Chinese minister appeals to Washington to avoid ‘trade war’
Hucheng responds to Trump's promise to raise taxes on Chinese imports
BEIJING — China’s commerce minister appealed to Washington to negotiate disputes and avoid a trade war that he warned would hurt both sides.
The two governments should work together to promote trade and a global recovery, Gao Hucheng said at a news conference in response to a question about US President Donald Trump’s promise to raise taxes on Chinese imports.
Trump pledged during his election campaign to raise import duties on Chinese goods to 40% but has yet to take formal action. He also promised to declare that Beijing is improperly manipulating the exchange rate of its yuan to give its exporters a price advantage, which would open the way to other sanctions.

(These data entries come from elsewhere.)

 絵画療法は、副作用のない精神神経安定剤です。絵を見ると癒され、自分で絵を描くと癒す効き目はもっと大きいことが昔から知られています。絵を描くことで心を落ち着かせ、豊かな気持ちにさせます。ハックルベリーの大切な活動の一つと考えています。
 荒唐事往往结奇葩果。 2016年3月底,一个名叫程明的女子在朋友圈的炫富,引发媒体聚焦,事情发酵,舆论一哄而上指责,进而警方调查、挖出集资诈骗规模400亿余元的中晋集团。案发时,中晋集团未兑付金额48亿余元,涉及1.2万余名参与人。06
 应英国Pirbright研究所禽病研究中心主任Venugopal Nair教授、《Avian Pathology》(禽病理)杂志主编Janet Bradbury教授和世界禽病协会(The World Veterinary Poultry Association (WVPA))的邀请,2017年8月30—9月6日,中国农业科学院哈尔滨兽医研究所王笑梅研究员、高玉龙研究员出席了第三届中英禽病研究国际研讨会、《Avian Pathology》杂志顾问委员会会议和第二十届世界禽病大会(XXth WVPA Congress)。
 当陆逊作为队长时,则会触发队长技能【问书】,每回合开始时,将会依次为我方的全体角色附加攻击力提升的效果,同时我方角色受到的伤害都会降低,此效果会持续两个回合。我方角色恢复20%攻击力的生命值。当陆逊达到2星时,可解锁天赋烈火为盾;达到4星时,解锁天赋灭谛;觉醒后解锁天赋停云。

Gao appealed to Washington to “properly solve” disputes through “dialogue and co-operation.”
He argued that both sides have benefited from what has grown into the world’s biggest trading relationship.

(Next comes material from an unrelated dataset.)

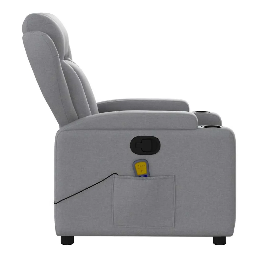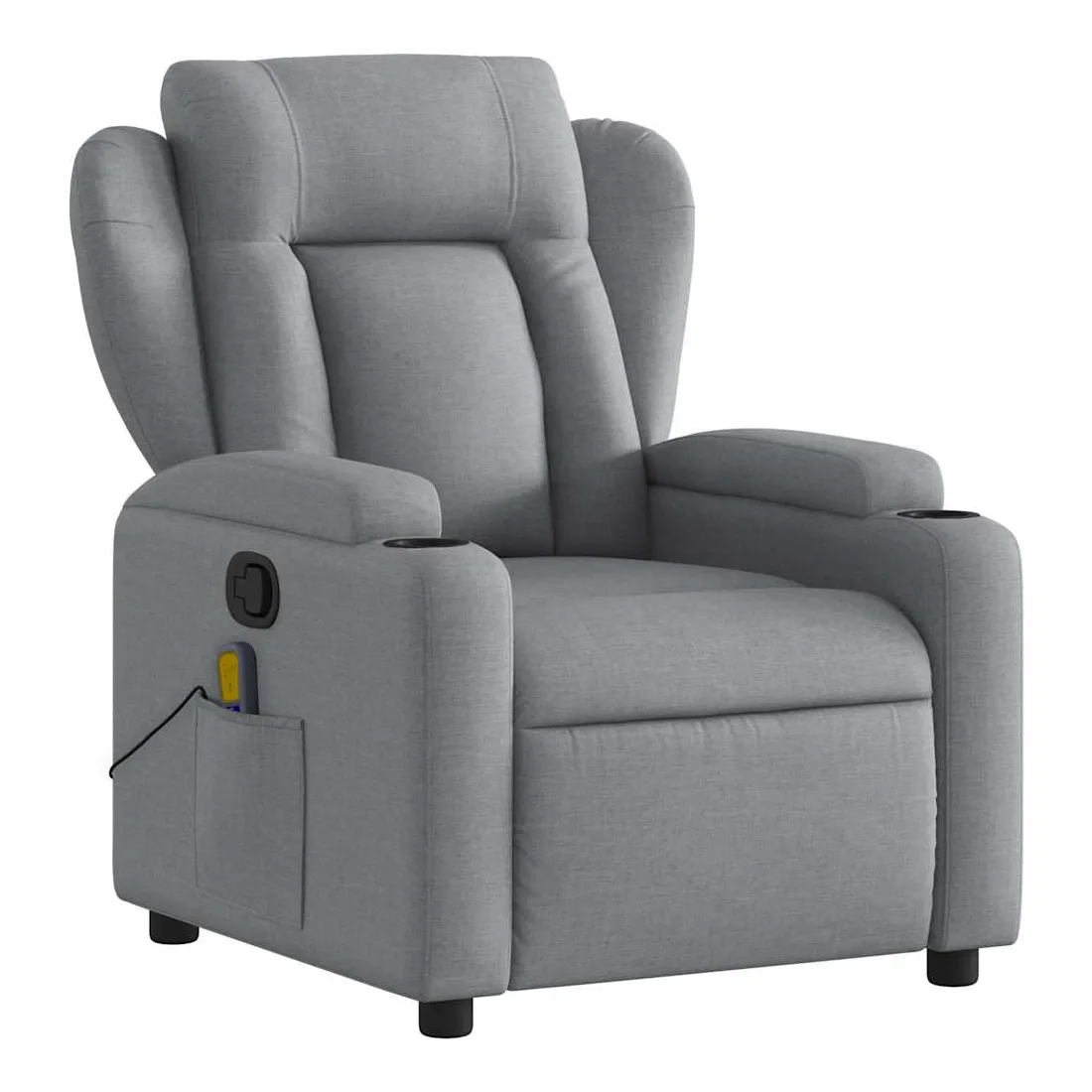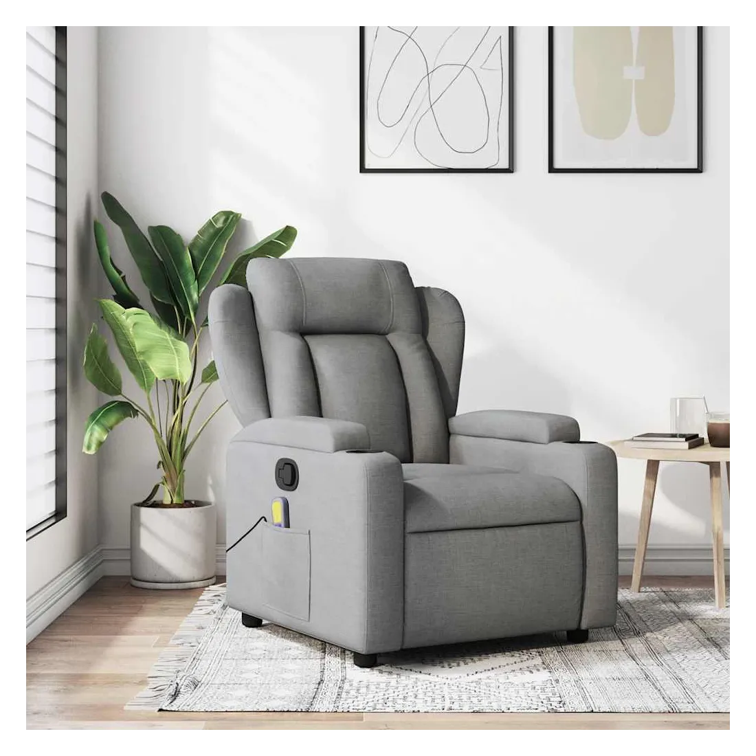 Asseyez-vous et détendez-vous dans ce fauteuil inclinable de massage très confortable ! Fonction d'inclinaison manuelle : ce fauteuil inclinable est doté d'un bouton du côté droit. Vous pouvez régler manuellement le repose-pieds et le dossier dans n'importe quelle position selon votre confort en tirant simplement sur la poignée. Cette fonction permet une inclinaison maximale de 135 degrés. De plus, le dossier peut revenir rapidement à sa position d'origine en tirant simplement sur la poignée.Fonction de vibration : les 6 points de massage vous permettent de faire l'expérience d'un massage mieux ciblé. De plus, la télécommande incluse vous permet de choisir différents programmes de massage. La fonction de massage est alimentée par le connecteur USB, mais la source d'alimentation USB 5V certifiée n'est pas incluse.Expérience d'assise confortable : le siège, le dossier et les larges accoudoirs bien rembourrés recouverts de tissu procurent une sensation confortable et chaleureuse, vous permettant de vous sentir enveloppé lorsque vous êtes assis. Le tissu présente un aspect simple et épuré et est respirant et durable.Porte-gobelets et poche latérale pratiques : ce fauteuil dispose de deux porte-gobelets pratiques pour vos boissons et d'une poche latérale pour votre télécommande ou pour garder vos objets essentiels à portée de main.Cadre solide et stable : le cadre en bois et en métal offre une structure solide et une grande stabilité. Ce fauteuil inclinable est confortable et durable.

“A trade war should not become an option,” Gao said. “If the two sides fight, all will be hurt.”
Trump argues that the existing order has short-changed Americans by exposing them to unfair competition with low-wage foreign labourers and to unjust trade practices by China and others.
Gao never mentioned Trump by name but responded to questions about his comments by saying Beijing was waiting to see what Washington does.
“We noticed various remarks made by presidential candidates during the election but didn’t want to comment too much because we wanted to see what stance the new government would take toward trade relations with China,” he said.